Despite the lingering popularity of analog radio, the transition to digital radio is already occurring.  In the U.S., HD Radio now broadcasts simultaneously on the same frequencies as the analog AM and FM stations.  HD Radio is a digital version of the analog content overlaid on the same analog carriers. You will hear it referred to as in-band on channel (IBOC).  It uses OFDM and voice compression to minimize bandwidth but at the same time give greater fidelity to the audio.  Noise and fading are less of a problem as well. 

Nevertheless, HD Radio has been available for years but it has not become mainstream.  Few actually know about it.
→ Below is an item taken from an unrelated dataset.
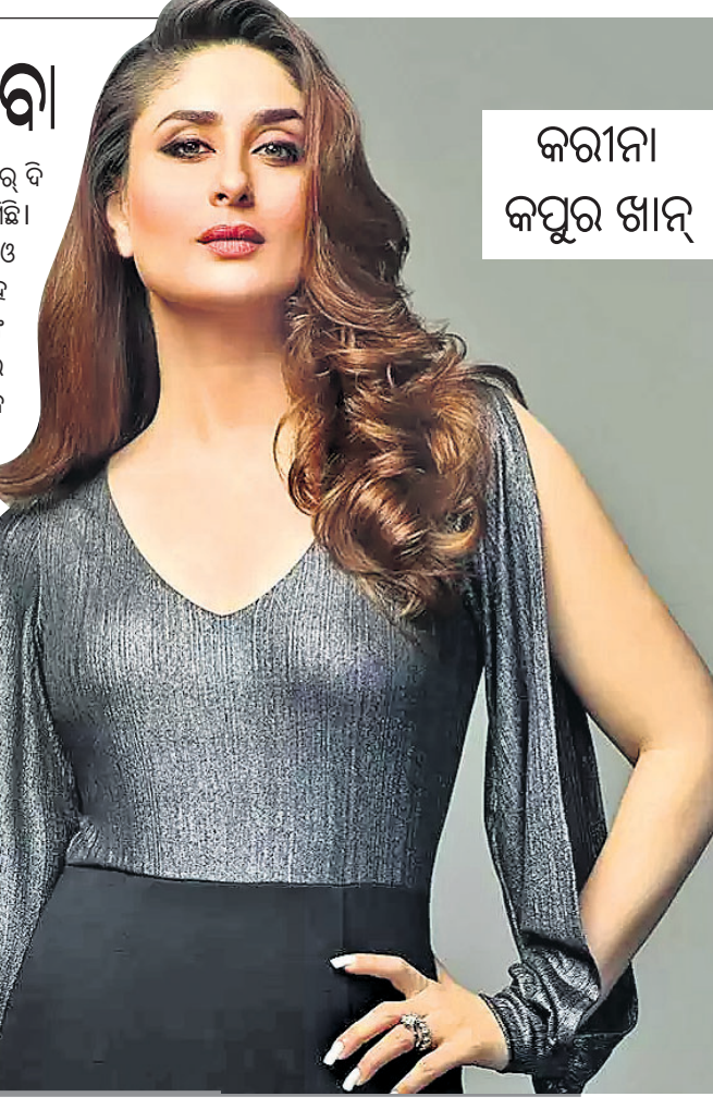
କରୀନା କପୁର ଖାନ

ଭୁବନେଶ୍ୱର: ଓଡ଼ିଶାରେ ବେବୋ ପ୍ରଚାର କରାଯାଇଛି। ଓଡ଼ିଶାରେ ବେବୋ ପ୍ରଚାର କରାଯାଇଛି। ଓଡ଼ିଶାରେ ବେବୋ ପ୍ରଚାର କରାଯାଇଛି।

HD radios are rare devices.  Some high-end cars have HD Radio and some table top HD radios are available but they are rare.  Furthermore, HD radio quality is less than expected as it is barely a noticeable improvement over the standard quality of FM and AM.  There are very few HD AM stations but the majority of FM stations do broadcast in HD.  HD offers the benefit of being able to multiplex one or two additional program sources on the same frequency giving stations several additional programming and advertising choices.

More popular than HD Radio is digital satellite radio.  The original two U.S. satellite services merged a while back to form Sirius XM.  This is a paid subscriber service available in most vehicles today.  There are table top satellite radios but generally they are rare as they do require a special antenna that must “see” the satellites to work.

Shortwave broadcasting is also going digital, or at least some of it.  A new digital technology called Digital Radio Mondiale (DRM) is now used in dozens of SW stations.  It uses coded OFDM and digital compression to keep the bandwidth down to that required for SW broadcast (<10 kHz).  A VHF version is also available now.  A special receiver is needed or you can get a generic PC-based software-defined radio (SDR) and get the DRM software for demodulation.

And don’t forget, broadcast TV is already digital; the analog version was phased out in 2009.  U.S. digital TV uses 8VSB (8-coding level vestigial sideband), an AM digital modulation method.

Other countries have already made the conversion from analog to digital radio broadcast.  The UK and most European countries use Digital Audio Broadcast (DAB) based on a digital standard called Eureka147.  It usually operates in the 174 to 240 MHz range or the L-band from 1452 to 1492 MHz.  It uses OFDM and MPEG compression to keep the data rate and bandwidth to a minimum.   Japan has a similar digital radio called ISDB-T.

And let’s not forget Internet radio.  That’s another story.

There have been rumors about phasing out AM and eventually FM radio in the U.S.  I don’t see any immediate action on this but keep it in mind.  There is still time to enjoy the benefits of AM radio.  Get a good receiver like a SW radio or one like those from CC Crane.  And add an antenna.  Then check out your local stations.  You will be amazed at what you can hear at night on AM.  A real listening experience.  And try SW if you can.

Finally, if you have never built and tested a crystal radio, you had better get to it.  Once AM broadcast stations go away, the crystal set will be history too.  I built one recently just for the fun of it.  I used the traditional oatmeal box inductor and a 1N60 germanium diode with ear phones.  I had to use 100 feet of antenna to get any signal.  I tuned only three local AM stations and they were weak but very listenable. 

Anyway, may AM have a long prosperous life.